Data shown:
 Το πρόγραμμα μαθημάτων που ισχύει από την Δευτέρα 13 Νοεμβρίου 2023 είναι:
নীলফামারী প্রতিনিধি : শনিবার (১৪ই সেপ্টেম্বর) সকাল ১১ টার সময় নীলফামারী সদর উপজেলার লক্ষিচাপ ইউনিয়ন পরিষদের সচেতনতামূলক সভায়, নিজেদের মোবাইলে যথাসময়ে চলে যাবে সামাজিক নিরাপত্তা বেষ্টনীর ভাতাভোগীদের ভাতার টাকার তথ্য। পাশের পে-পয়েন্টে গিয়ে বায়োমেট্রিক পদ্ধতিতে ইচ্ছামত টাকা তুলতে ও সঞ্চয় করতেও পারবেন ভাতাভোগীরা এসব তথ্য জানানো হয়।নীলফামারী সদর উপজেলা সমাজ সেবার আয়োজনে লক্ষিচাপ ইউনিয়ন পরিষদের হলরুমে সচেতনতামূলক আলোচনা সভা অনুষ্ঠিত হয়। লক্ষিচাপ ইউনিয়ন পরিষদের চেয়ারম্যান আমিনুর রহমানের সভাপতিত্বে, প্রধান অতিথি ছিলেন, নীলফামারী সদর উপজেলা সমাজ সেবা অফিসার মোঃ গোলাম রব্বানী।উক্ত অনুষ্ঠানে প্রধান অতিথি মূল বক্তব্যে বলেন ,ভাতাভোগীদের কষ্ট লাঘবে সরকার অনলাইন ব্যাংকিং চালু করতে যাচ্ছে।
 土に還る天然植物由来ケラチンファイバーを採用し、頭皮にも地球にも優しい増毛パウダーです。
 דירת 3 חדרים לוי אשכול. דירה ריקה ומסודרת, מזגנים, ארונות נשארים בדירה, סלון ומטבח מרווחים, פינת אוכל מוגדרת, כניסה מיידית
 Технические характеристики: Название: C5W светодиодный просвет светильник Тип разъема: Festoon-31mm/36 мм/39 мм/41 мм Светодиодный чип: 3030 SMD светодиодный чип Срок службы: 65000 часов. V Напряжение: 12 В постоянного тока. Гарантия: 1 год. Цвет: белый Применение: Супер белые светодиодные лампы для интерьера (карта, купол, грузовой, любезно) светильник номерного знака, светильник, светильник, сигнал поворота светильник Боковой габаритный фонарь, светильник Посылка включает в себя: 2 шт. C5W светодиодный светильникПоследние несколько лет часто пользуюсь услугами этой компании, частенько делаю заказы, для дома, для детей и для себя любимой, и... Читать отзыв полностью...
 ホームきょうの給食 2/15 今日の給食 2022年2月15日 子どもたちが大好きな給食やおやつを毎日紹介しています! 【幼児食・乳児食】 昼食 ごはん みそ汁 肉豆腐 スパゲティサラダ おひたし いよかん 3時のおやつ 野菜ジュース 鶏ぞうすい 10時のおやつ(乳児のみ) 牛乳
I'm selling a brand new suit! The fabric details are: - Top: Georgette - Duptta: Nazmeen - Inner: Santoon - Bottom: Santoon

Your objective:
Exactly and exclusively, repeat the lines from the line that contains "ホームきょうの給食 2/15 今日の給食" through the end of the records, both ends included.

Output of the exercise:
 ホームきょうの給食 2/15 今日の給食 2022年2月15日 子どもたちが大好きな給食やおやつを毎日紹介しています! 【幼児食・乳児食】 昼食 ごはん みそ汁 肉豆腐 スパゲティサラダ おひたし いよかん 3時のおやつ 野菜ジュース 鶏ぞうすい 10時のおやつ(乳児のみ) 牛乳
I'm selling a brand new suit! The fabric details are: - Top: Georgette - Duptta: Nazmeen - Inner: Santoon - Bottom: Santoon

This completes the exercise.